The Acquaviva area has been inhabited since prehistory. Proof of that are many archaeological finds, most of which are from the Piceno age, but also from the Roman Age. When the Picentes (or Piceni, Italian), who settled here during the 6th century B.C., were subdued by Roman forces, the village of Acquaviva survived due to the closeness to Castrum Truentinum.

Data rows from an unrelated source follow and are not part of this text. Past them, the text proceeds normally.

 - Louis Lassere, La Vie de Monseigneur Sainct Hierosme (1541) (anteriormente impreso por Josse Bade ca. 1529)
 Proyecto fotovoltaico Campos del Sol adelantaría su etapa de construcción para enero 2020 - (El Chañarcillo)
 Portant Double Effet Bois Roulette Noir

During the Barbarian Invasions, the village grew into an urban settlement. The coming of Lombards and Saracens forced the coastal population to move inland. The village was originally owned by the Farfa Abbey (947), then became a feudal holding of the Acquaviva family, who built the fortress during the 13th century.

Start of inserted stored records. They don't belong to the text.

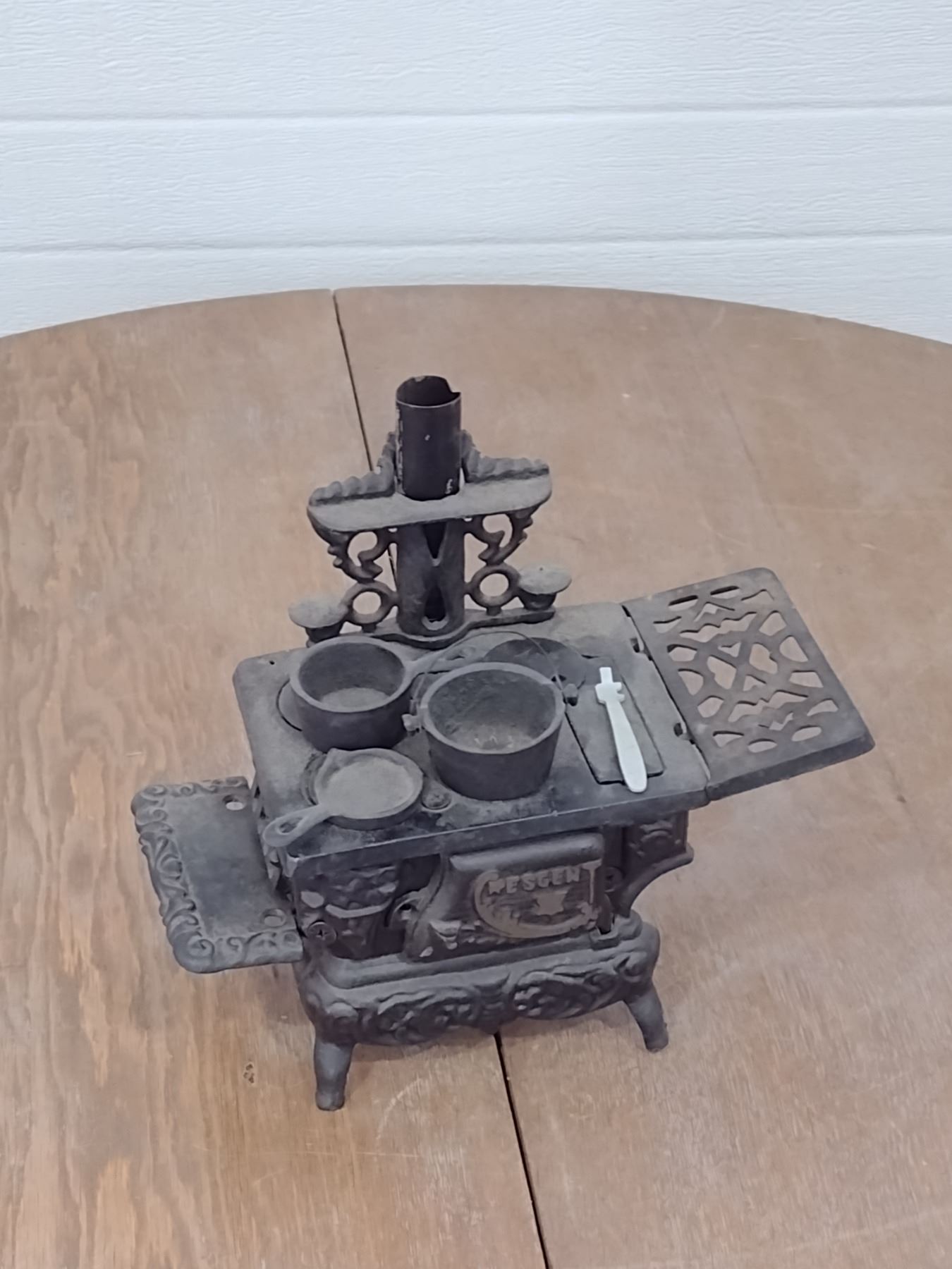 Salesman Sample Kitchen stove with 2 pots and skillet
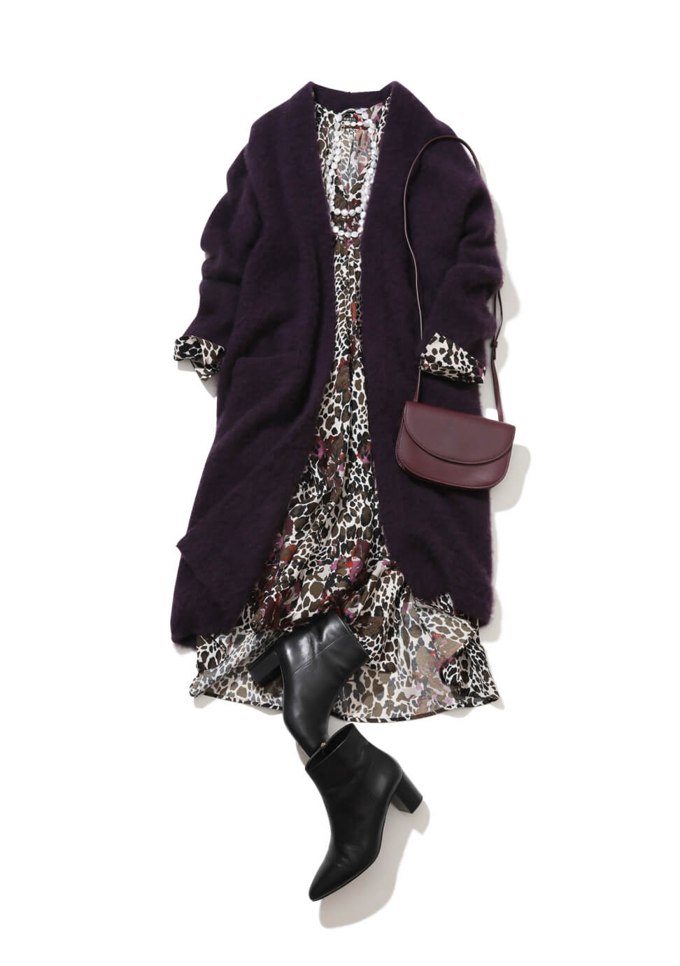 ワンピース×ニットガウンという定番の組み合わせも、柄や素材に気を配ればリュクスな艶がキラリ。夜のお出かけにも映える、フラワーレオパードのワンピースはすっきり開いたVネックラインが大人の抜け感も。ラフに羽織ったニットガウンは、カシミヤの上質感とパープルの色気がふんだんに漂う“魅せアウター”。足元は黒ブーツでシックにまとめて。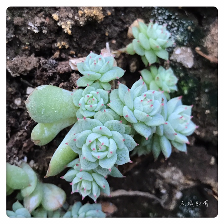 初见静夜,有些喜欢,或许是因为那红红的尖尖和石莲花属植物叶子完美的排列。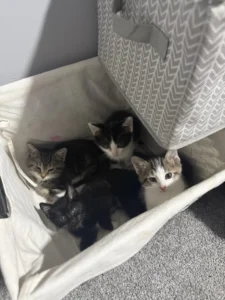 While the kittens flourished, Joanie’s transition to indoor life has been slower. After years of living outdoors, she remains cautious but curious. Jane and her husband are committed to helping her adjust, with the hope of adopting her permanently. If Joanie decides not to stay indoors, she will be spayed and returned to a safe outdoor environment once her kittens are grown—a responsible and compassionate solution for a formerly feral cat.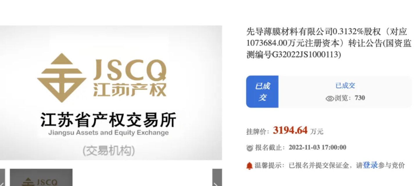 当年“国庆黄金周”过后,10月8日,江苏产权交易所挂出一则转让公告,标的是先导薄膜材料有限公司0.3132%股权。这份股权持有者是厦门国升增长股权投资合伙企业(有限合伙),其为A轮参投方之一。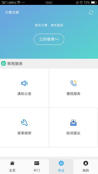 云智社区业主app能够帮助业主更好的体验各种物业服务,软件中能够实现物业管理,在这里业主能够便捷进行物业缴费,开门禁操作。了解最新的物业公告信息,快速进行投诉建议操作。
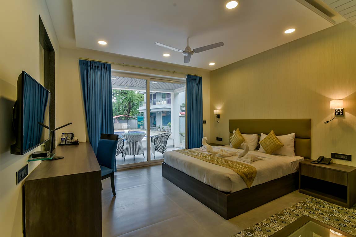 Enjoy the comfort of a king-sized bed at one of the most ideally located hotels in Goa. The Superior Deluxe Room at RAMATAN RESORT offers a separate work space, and a host of amenities such as a hair dryer, safe, iron and tea/coffee maker for your convenience. There’s a wide LED tv and free Wi-Fi as well. It also has the pool view side balcony where guests can sit , kick back , relax and soak in the buzz of north Goa life, with a hot cup of tea in the morning and a chilled beer in the evening.

In 1341, Acquaviva fell under control of the city of Fermo and became a garrison against enemy territory, keeping coastal villages (San Benedetto in Albula) out of the reach of Ascoli. In the 15th century, the village's population grew, bringing its numbers to twice its original size. The eastern section of the village was built and named "Terra nuova" to distinguish it from "Terra vecchia", the original settlement. This made it necessary to build another section of the fortress on the same side, to its east.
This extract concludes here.